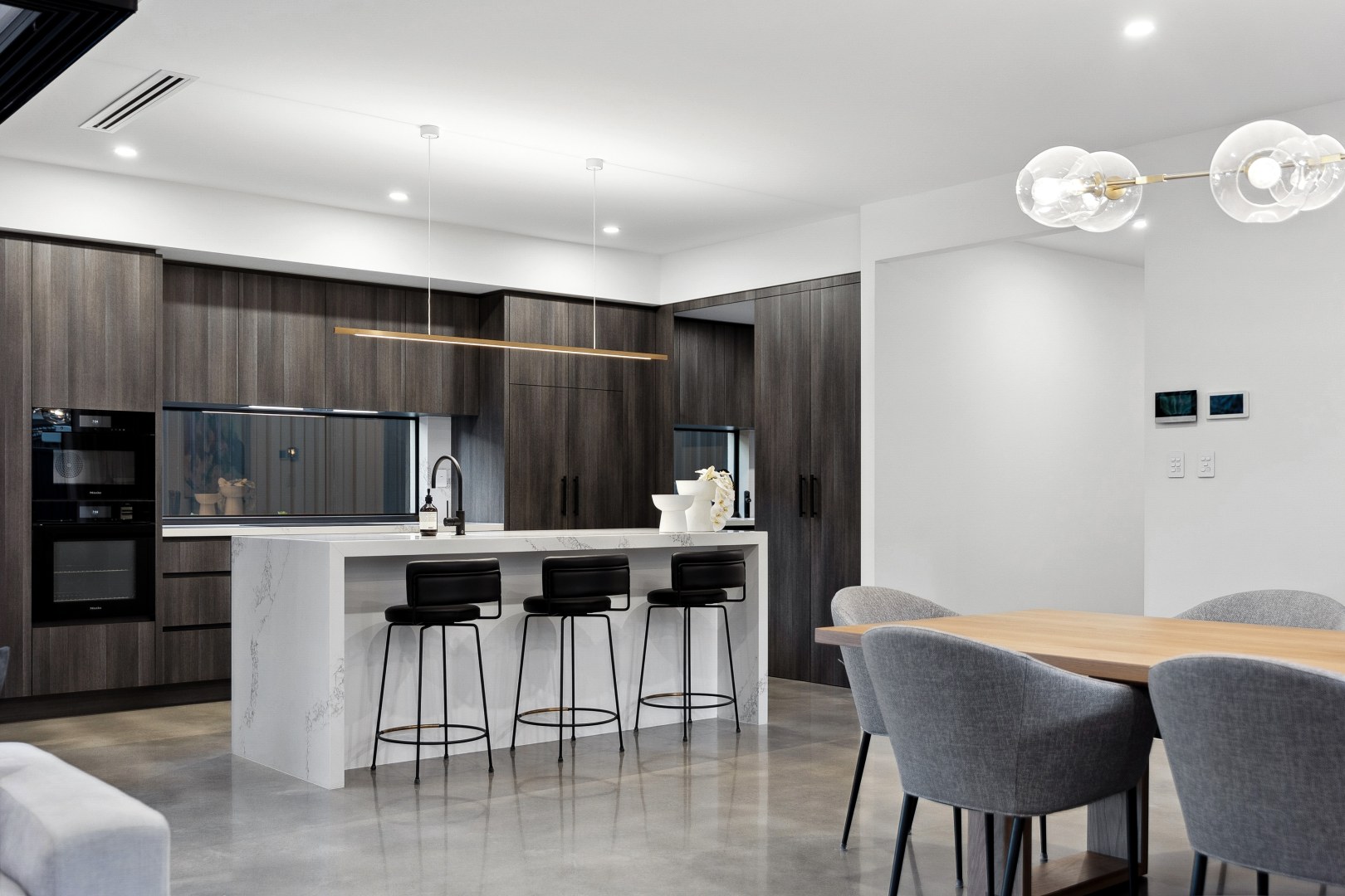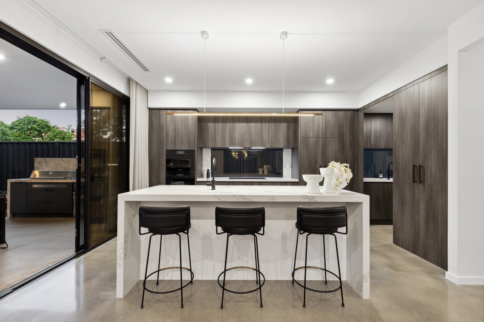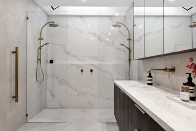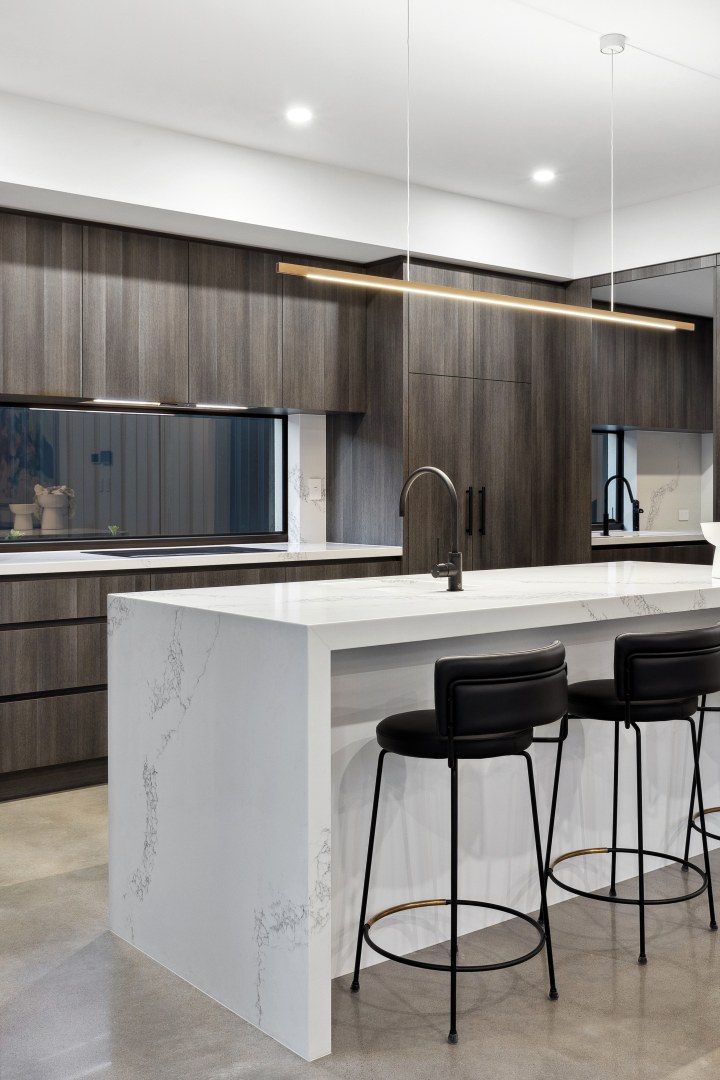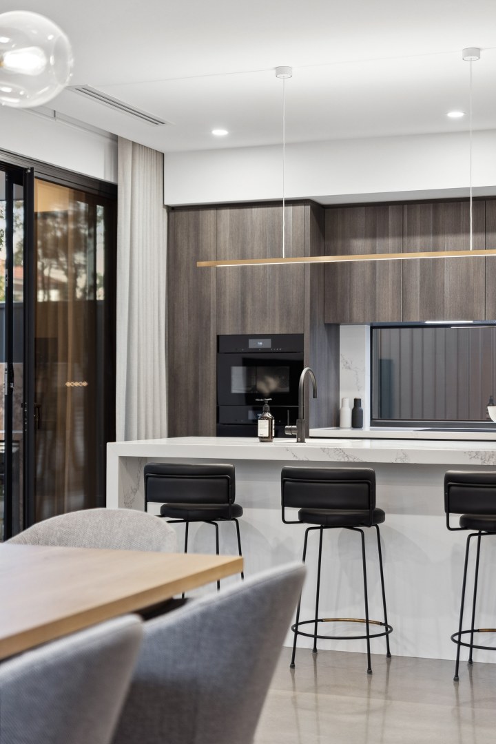 This gorgeous home by the Swan River is open plan living at its best! Offering a harmonious connection between the outdoor living space and the indoor kitchen, dining and living areas. The stone featured in the kitchen and bathrooms compliment the bespoke cabinetry, creating areas that are inviting and elegant.
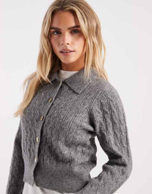 Cárdigan beis grisáceo con cuello de solapas de punto de ochos de New Look Petite
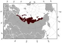 Поширений в зоні Палеарктичної тундри від Білого моря до Колими (Росія). Трапляється також на островах Новий Сибір і Врангеля. Максимальної щільності популяції досягають у низинній тундрі зі значним мохом і осокою. Поширений також на заболочених угіддях на передгір'ях чагарникової тундри і на заболочених ділянках на околицях лісової зони[2].
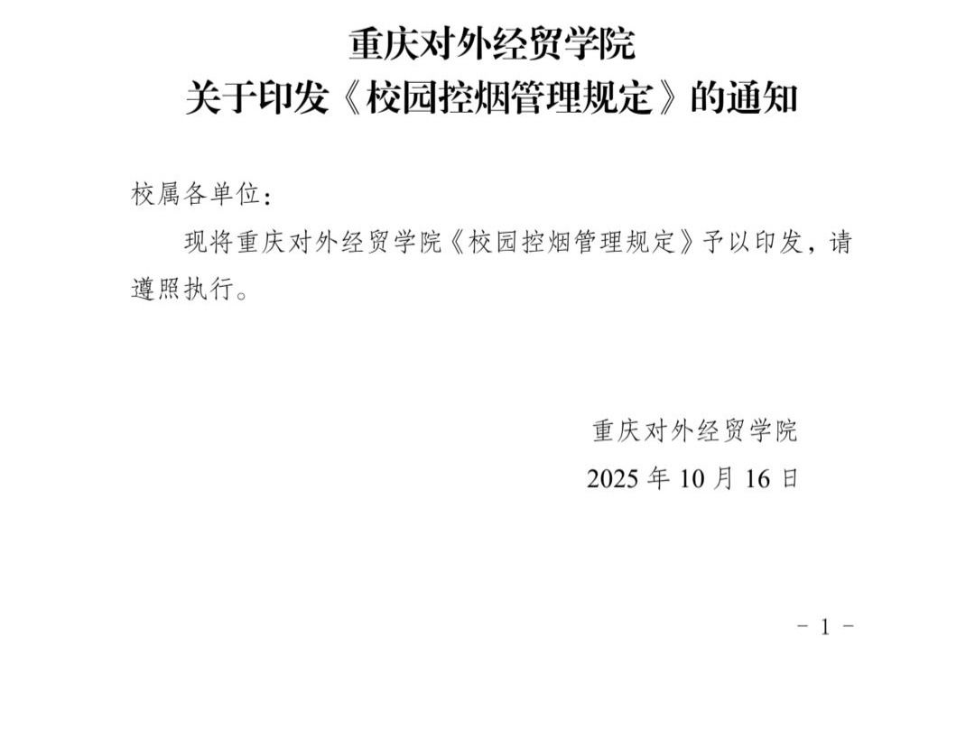 重庆对外经贸学院 关于印发《校园控烟管理规定》的通知
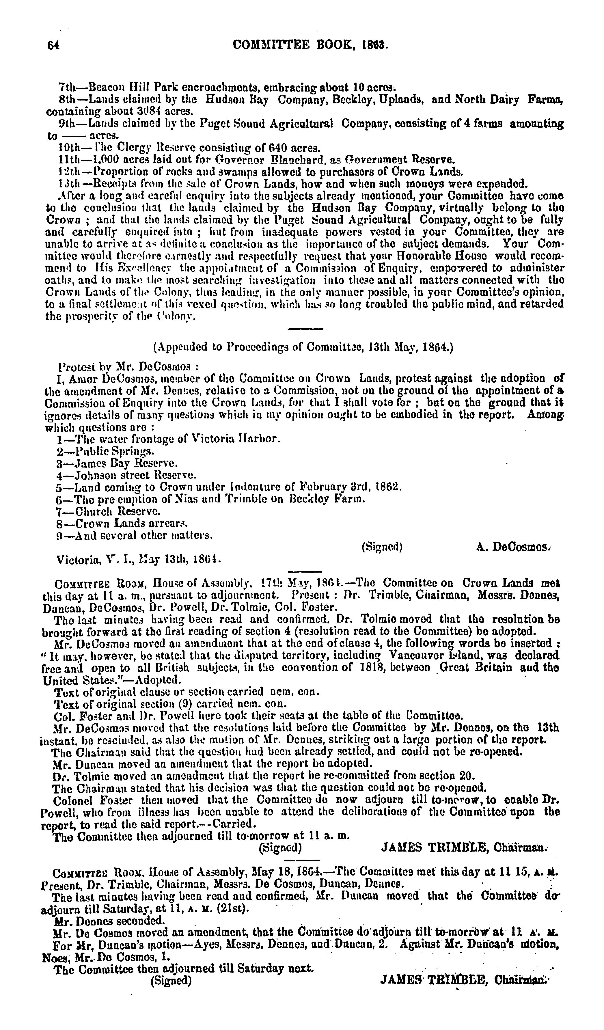 Vancouver Island (B.C.). House of Assembly. Select Committee on Crown Lands.
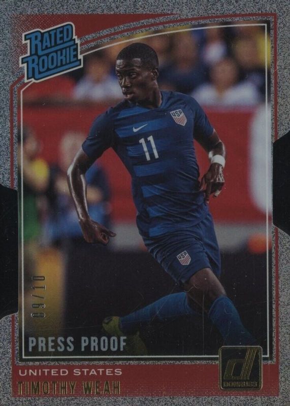 Timothy Weah 2018 Donruss #198 Press Proof Gold Die-Cut /10 Rookie RAW Price Guide
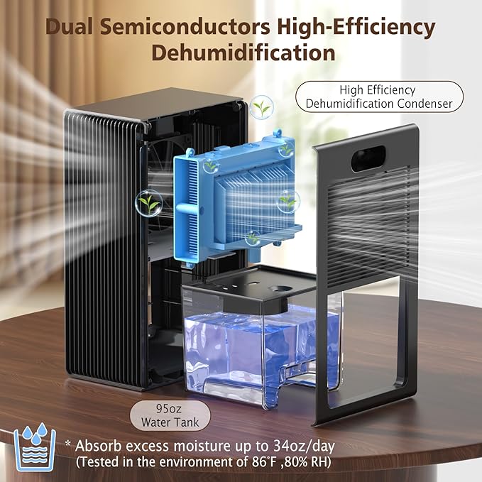 - Deshumidificador avanzado para el hogar: nuestro deshumidificador adopta tecnología de condensación de semiconductores con un funcionamiento silencioso. Elimina eficazmente la humedad del aire para garantizar una vida cómoda.
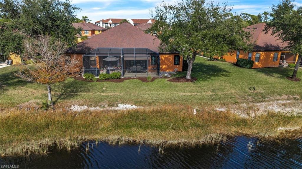 Everything you want and everything you need is right here at 3725 Pino Vista Way in Estero, FL! Enjoy the best of both worlds in this stunning lake front villa with an attached two car garage that lives like a single-family home, without the worry of exterior maintenance. This better-than-new upscale villa offers two HUGE bedrooms, a den that can be used as a third bedroom or office, & two full bathrooms. WAY TOO MANY UPGRADES TO LIST including a BRAND-NEW top of the line AC system, hot water heater, flooring, washer & dryer, mini-split AC in the garage, blown-in attic insulation and upscale light fixtures! NEW high end HURRICANE IMPACT WINDOWS AND SLIDERS...WOW! No need to worry about shutters here! Escape to your spacious master retreat complete with lake views, a garden tub, spacious walk-in shower, and HUGE walk-in closet. You will love this open floor plan offering a large eat-in kitchen with extra tall wood cabinets, black stainless-steel appliances, a large walk-in pantry, & breakfast nook. Find serenity on your extended lake front lanai with a covered area & an extended retractable awning where you can enjoy peaceful fountain views and breathtaking sunsets. Your spacious backyard is surrounded by lush tropical landscaping, providing the tropical oasis that you have been dreaming of! Recently added attic steps create easy access to additional storage as well. This luxury property is found in the beautiful, gated community of Terra Vista complete with a large community pool and clubhouse! NOT IN A FLOOD ZONE (ZONE X), VERY LOW HOA fees and NO CDD FEES! ALL OF THIS in a PERFECT LOCATION WEST of US-41, close to shopping & dining, and premier healthcare. Plus, easy access to US-41 & I-75. HURRY-- before this gorgeous property is just another SOLD that you missed out on!
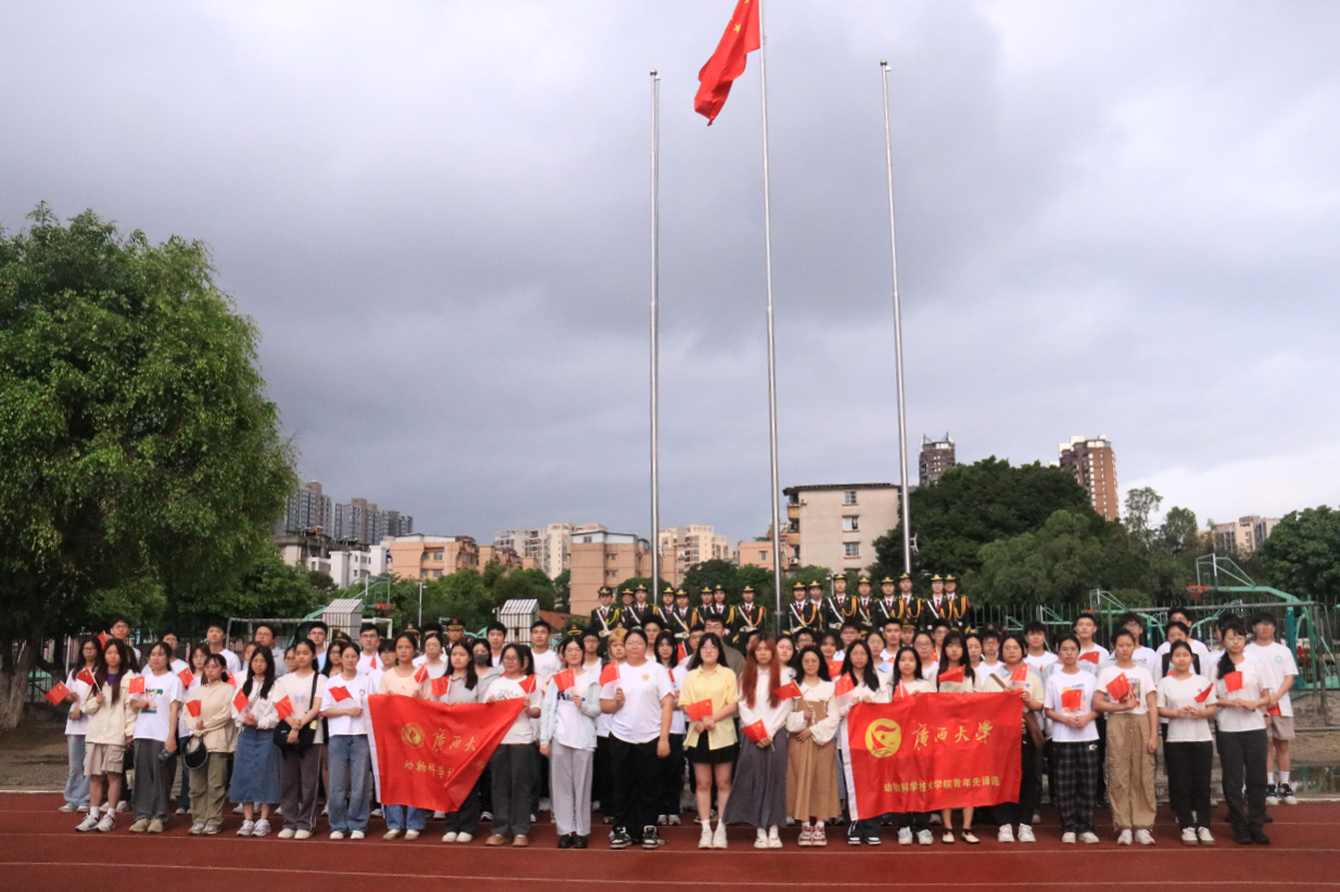在全场师生的注目下,英姿飒爽的国旗护卫队队员,迈着整齐划一、铿锵有力的步伐,护送鲜艳的五星红旗进场,伴随着雄壮的《义勇军进行曲》,五星红旗在晨光中冉冉升起,迎风飘扬。全体师生庄严肃立,齐唱国歌,向国旗行注目礼。
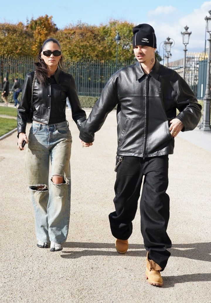 ビーバー夫妻のデートスタイルは、いつもストリートの注目の的。ヘイリーはNBAチームのニューヨーク・ニックス×「キス(KITH)」のコラボレザージャケットをオーバーサイズで羽織り、メンズライクな魅力をまとった。いっぽうのジャスティンもクリームカラーのパーカーとバギーパンツでボリューム感をリンク。
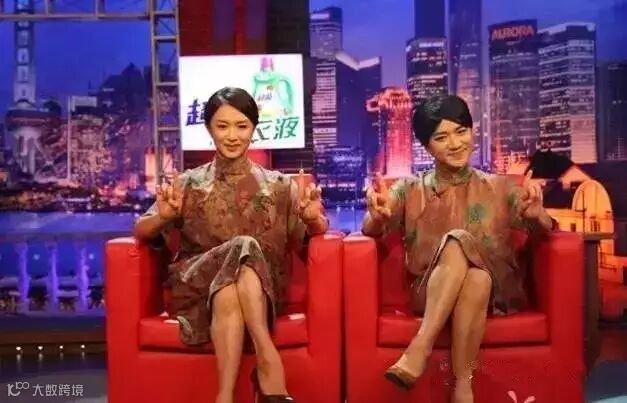 是高个儿的李亚男脱掉高跟鞋、再俯身就着矮个儿的王祖蓝。
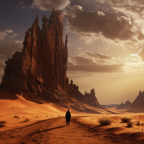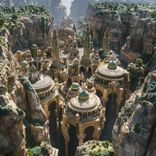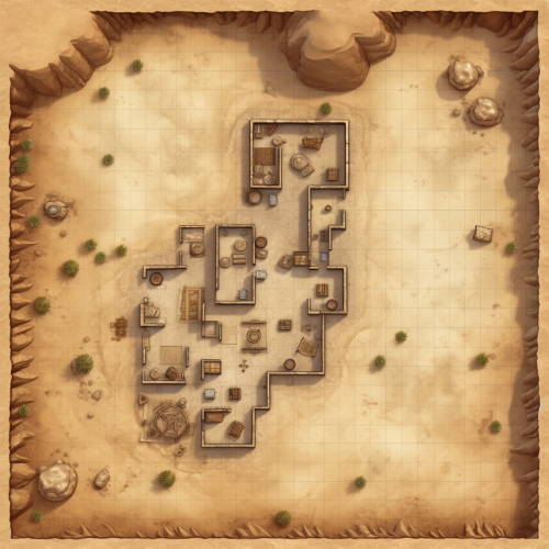 A vast city stretches across a desolate desert landscape, built upon the remains of an ancient cemetery. Massive, weathered tombs resembling early pyramids and mastabas are scattered across the terrain, some transformed into homes or workshops. Mummified remains are preserved in niches within the houses, an everyday sight for the inhabitants. Towering rock-cut tombs dot the surrounding cliffs, their grandeur diminished by the dry, oppressive air. Throughout the city, old sarcophagi serve as tables or storage. The city’s architecture blends ancient stone with makeshift additions, creating a labyrinthine sprawl of alleys and courtyards. The dimness contrasts with the occasional flicker of firelight or shadows moving silently. --v 6.0
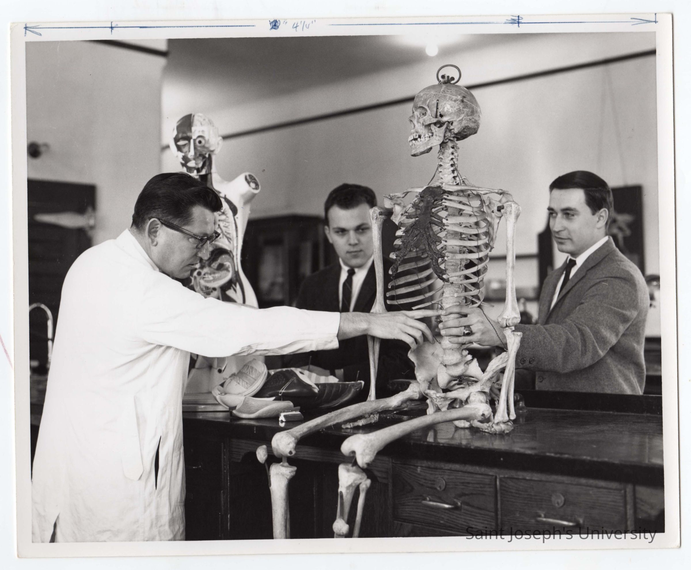Biology professor Francis J. MacEntee, S.J. with two students in science laboratory looking at skeleton, April 1964.

** Activity **
Copy out exactly the lines above beginning with the line that contains "Vancouver Island (B.C.)." and finishing with the line that contains "- Deshumidificador avanzado", including both; leave the pictures out.

** Response for this exercise **
 Vancouver Island (B.C.). House of Assembly. Select Committee on Crown Lands.
 Timothy Weah 2018 Donruss #198 Press Proof Gold Die-Cut /10 Rookie RAW Price Guide
 - Deshumidificador avanzado para el hogar: nuestro deshumidificador adopta tecnología de condensación de semiconductores con un funcionamiento silencioso. Elimina eficazmente la humedad del aire para garantizar una vida cómoda.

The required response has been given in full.